I spoke on behalf of the NGO Working Group on Women, Peace and Security, and as a representative of Indigenous women and women in all their diversity—campesinas, Afro-descendant women, LGBTQI+ persons, refugee and migrant women, women with disabilities and women from countries around the world who suffer from war, poverty and discrimination.

As I said in my remarks, I continue to affirm my solidarity with the women and LGBTQI+ people of Afghanistan who continue to risk their lives fighting for their rights and equal place in Afghan society. We stand with you.

Colombia remains one of the world’s most dangerous countries for defenders of human rights and of land and territorial rights. Attacks on human rights defenders, especially women, LGBTQI+, campesino, Afro-descendant and Indigenous leaders have continued, including in response to the recent protests in Colombia against extreme inequality, violence and scant implementation of the Peace Accord.

On average, at least one Indigenous defender is killed every week. In my territory of Cauca, three Indigenous women leaders whom I worked with were killed in 2020. Their brutal murders illustrate how women often pay a terrible price for their leadership.

For an Indigenous person, land means everything to us. We are nourished by it, and it is a part of our identity and our history. Indigenous communities oppose logging, mining, agribusiness and other large-scale extractive and infrastructure projects—many of which are actively supported by the Government of Colombia—because they threaten the environment and deplete our natural resources.

Indigenous defenders in Colombia are viewed as a threat because we challenge powerful economic interests. My people are killed for protecting our waterways and forests, our flowers and fauna, when their courage and dedication should be held up as a model in the non-violent struggle for territorial rights.

Violence against our communities also demonstrates the devastating impact of militarized responses to social crises. Indigenous communities in Colombia have been calling for demilitarization for decades. Much of the war was waged on our land, and much of the violence continues in our territories today.

Although we have peace in name, lack of implementation of the Peace Accord has refueled conflict. At one point in the war, an Indigenous person was killed every 72 hours, most often caught in the crossfire between armed actors.

Today, the state continues to use militarized force through its security apparatus, particularly in rural areas. The only state presence we see in our territories is the military and the police, who often appear to protect the economic interests of powerful sectors, rather than the rights of local populations.

This represents a failure to comply with the provisions of the Peace Accord.
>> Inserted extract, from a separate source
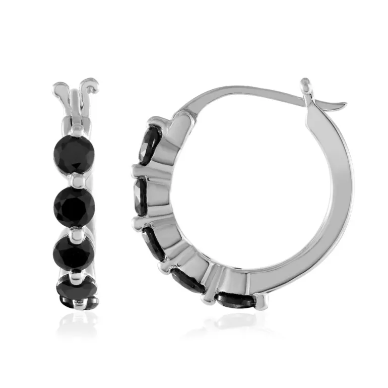 Entdecken Sie die Anziehungskraft dieser schicken Ohrringe mit schwarzem Spinell, die aus 925er Sterlingsilber mit einem eleganten Platin-Finish gefertigt sind. Mit zehn Spinellen im Rundschliff aus Thailand mit insgesamt 1,106 Karat verleihen diese 17 mm großen Ohrringe jedem Outfit einen Hauch von Eleganz. Sie eignen sich sowohl für den Tag als auch für die Nacht und bringen Raffinesse und Stil zu jedem Anlass. Kombinieren Sie sie mit einem kleinen schwarzen Kleid für einen Abend.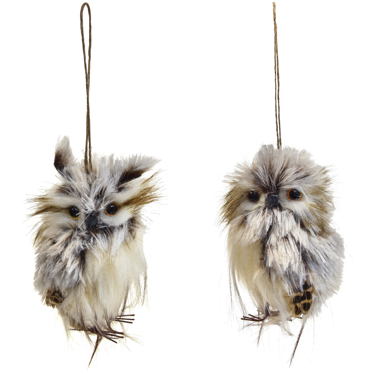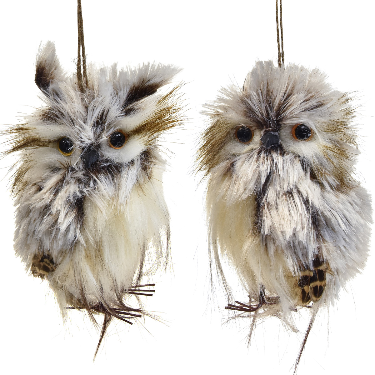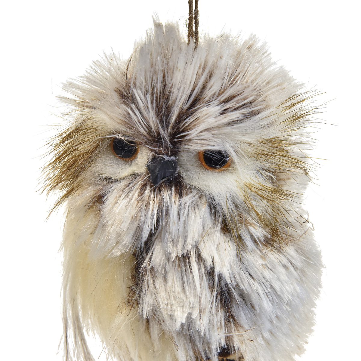 Med livliga pärlögon ser du nyfiket på omgivningen. En svart näbb och den verklighetstrogna fjäderdräkten gjord av fuskpäls kompletterar utseendet på ugglans dekorativa figurer.

Furthermore, during the recent national protests, police used excessive force against peaceful demonstrators across the country, particularly in Cali where a greater percentage of the population is Afro-descendant and where our Indigenous guard was attacked.
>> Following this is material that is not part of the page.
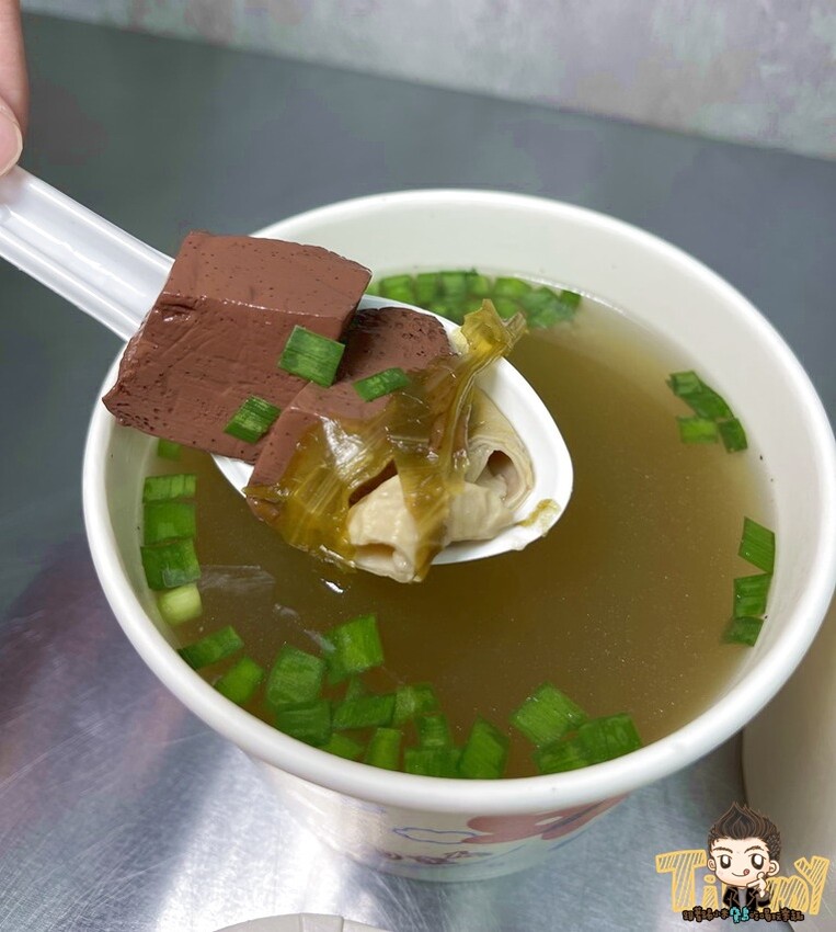 小腸豬血湯(50元)也是必點的,有小腸、豬血、酸菜、韭菜等湯料。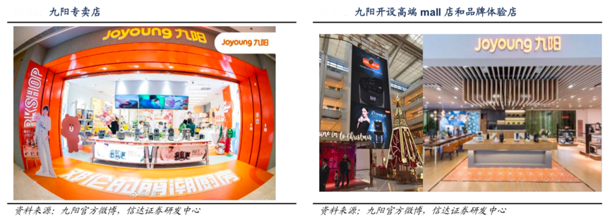 經典案例:根據九陽官方微博、信達證券研發中心等綜合資訊表明,九陽公司根據目標消費人群的不同,對于終端門店進行了差異化布局。對于一二線城市,其將部分終端門店改造成高端 Shopping Mall 店,并開設品牌體驗店、旗艦店等,提升品牌整體定位形象。針對三四線城市,其更多開設的是品牌專賣店,提供更多產品展示從而提高品牌產品教育,挖掘潛在消費者。

State forces have committed sexual and gender-based violence. Peaceful protestors have been subject to torture, illegal detention, disappearances and killings, echoing the violence that has marked over five decades of war. The gravity of this situation led the Inter-American Commission on Human Rights to call for the overall demilitarization of the police in Colombia.

The Peace Accord, with 130 provisions on gender equality and women’s rights, was achieved due to the determined struggle of Colombian feminist movements. On paper, the Peace Accord provides the foundation for a democratic country.
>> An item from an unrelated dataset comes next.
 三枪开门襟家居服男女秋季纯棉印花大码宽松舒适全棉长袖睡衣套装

However, five years since its adoption, implementation is at a standstill, especially of its gender provisions and the Ethnic Chapter. The Special Forum of Women and the High Level Forum for Ethnic Peoples are both underfunded and lack political support, and members of the Special Forum of Women have been threatened and attacked.

Implementation is most delayed in provisions for Comprehensive Rural Reform, which would give women access to land and enable them to chart a path to inclusive and holistic development for their communities.

This has allowed the expansion of extractive activities that exploit natural resources, violate territorial rights, exacerbate conflict, and increase violence against human rights defenders, especially those who defend their land.

Colombia’s Peace Accord may be unprecedented in its incorporation of international standards of gender equality—but what good are agreements and promises if they are not kept?

Threats faced by women peacebuilders and human rights defenders in one community are a threat to women everywhere. Despite ten resolutions and repeated affirmations of the value of civil society, the issue of women human rights defenders remains a critical gap in the Security Council’s implementation of the women, peace and security agenda.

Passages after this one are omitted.